Background: A number of models exploring the cost-effectiveness of dabigatran versus warfarin for stroke prevention in atrial fibrillation have been published. These studies found dabigatran was generally cost-effective, considering well-accepted willingness-to-pay thresholds, but estimates of the incremental cost-effectiveness ratios (ICERs) varied, even in the same setting. The objective of this study was to compare the findings of the published economic models and identify key model features accounting for differences.
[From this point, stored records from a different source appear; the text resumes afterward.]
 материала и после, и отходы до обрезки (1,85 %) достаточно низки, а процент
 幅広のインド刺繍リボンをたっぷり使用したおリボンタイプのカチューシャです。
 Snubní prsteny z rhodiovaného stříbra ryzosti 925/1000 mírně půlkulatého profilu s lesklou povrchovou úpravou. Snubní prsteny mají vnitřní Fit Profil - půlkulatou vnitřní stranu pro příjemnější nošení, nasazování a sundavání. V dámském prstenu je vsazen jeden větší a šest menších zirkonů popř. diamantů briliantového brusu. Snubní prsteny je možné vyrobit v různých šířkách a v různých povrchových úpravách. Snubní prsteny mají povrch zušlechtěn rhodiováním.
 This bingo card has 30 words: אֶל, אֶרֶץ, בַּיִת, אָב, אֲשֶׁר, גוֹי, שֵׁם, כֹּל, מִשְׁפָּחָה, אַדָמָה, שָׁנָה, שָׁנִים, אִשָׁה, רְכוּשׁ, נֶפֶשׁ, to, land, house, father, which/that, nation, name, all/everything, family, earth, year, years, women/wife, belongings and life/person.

Methods: All aspects of the economic evaluations were reviewed: model approach, inputs, and assumptions. A previously published model served as the reference model for comparisons of the selected studies in the US and UK settings. The reference model was adapted, wherever possible, using the inputs and key assumptions from each of the other published studies to determine if results could be reproduced in the reference model. Incremental total costs, incremental quality-adjusted life years (QALYs), and ICERs (cost per QALY) were compared between each study and the corresponding adapted reference model. The impact of each modified variable or assumption was tracked separately.
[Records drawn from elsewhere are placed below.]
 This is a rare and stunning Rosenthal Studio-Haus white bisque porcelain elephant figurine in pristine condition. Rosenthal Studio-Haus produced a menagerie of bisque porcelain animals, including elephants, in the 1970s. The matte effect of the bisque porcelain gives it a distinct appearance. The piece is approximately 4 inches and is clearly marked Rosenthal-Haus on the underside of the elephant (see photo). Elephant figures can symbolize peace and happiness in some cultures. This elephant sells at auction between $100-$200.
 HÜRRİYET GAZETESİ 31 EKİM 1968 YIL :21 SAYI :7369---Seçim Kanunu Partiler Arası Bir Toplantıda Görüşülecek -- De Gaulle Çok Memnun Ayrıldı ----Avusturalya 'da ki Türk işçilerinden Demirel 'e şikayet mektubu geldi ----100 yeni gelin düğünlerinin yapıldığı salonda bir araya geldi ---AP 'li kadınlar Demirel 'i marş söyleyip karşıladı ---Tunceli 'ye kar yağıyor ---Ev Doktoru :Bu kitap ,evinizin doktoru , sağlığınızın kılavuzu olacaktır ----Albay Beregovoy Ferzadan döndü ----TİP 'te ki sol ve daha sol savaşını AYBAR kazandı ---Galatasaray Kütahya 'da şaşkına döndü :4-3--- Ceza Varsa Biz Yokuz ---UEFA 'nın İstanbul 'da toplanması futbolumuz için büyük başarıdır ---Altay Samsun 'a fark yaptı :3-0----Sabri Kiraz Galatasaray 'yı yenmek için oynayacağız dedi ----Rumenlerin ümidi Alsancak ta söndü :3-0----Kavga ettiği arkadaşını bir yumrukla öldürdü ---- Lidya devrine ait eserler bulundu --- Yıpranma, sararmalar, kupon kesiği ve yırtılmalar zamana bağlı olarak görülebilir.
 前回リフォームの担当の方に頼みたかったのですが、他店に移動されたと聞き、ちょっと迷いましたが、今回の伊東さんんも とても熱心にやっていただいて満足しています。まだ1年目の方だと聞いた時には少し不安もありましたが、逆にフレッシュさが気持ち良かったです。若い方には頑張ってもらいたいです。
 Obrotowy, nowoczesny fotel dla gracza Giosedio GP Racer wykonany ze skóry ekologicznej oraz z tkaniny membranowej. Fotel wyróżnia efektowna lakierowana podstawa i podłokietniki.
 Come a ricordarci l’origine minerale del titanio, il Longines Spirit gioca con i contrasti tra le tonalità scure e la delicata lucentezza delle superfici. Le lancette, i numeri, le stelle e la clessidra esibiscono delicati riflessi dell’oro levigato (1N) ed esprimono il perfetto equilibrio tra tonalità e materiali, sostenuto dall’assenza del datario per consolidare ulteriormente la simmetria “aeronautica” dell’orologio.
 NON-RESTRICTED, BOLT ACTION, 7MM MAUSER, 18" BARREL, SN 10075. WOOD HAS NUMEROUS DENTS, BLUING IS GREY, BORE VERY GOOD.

Results: The selected studies were in the US setting (2), the Canadian setting (1), and the UK setting (2). All models used the Randomized Evaluation of Long-Term Anticoagulation study (RE-LY) as the main source for clinical inputs, and all used a Markov modelling approach, except one that used discrete event simulation. The reference model had been published in the Canadian and UK settings. In the UK setting, the reference model reported an ICER of UK£4,831, whereas the other UK-based analysis reported an ICER of UK£23,082. When the reference model was modified to use the same population characteristics, cost inputs, and utility inputs, it reproduced the results of the other model (ICER UK£25,518) reasonably well. Key reasons for the different results between the two models were the assumptions on the event utility decrement and costs associated with intracranial haemorrhage, as well as the costs of warfarin monitoring and disability following events. In the US setting, the reference model produced an ICER similar to the ICER from one of the US models (US$15,115/QALY versus US$12,386/QALY, respectively) when modelling assumptions and input values were transferred into the reference model. Key differences in results could be explained by the population characteristics (age and baseline stroke risk), utility assigned to events and specific treatments, adjustment of stroke and intracranial haemorrhage risk over time, and treatment discontinuation and switching. The reference model was able to replicate the QALY results, but not the cost results, reported by the other US cost-effectiveness analysis. The parameters driving the QALY results were utility values by disability levels as well as utilities assigned to specific treatments, and event and background mortality rates.
Conclusions: Despite differences in model designs and structures, it was mostly possible to replicate the results published by different authors and identify variables responsible for differences between ICERs using a reference model approach. This enables a better interpretation of published findings by focusing attention on the assumptions underlying the key model features accounting for differences.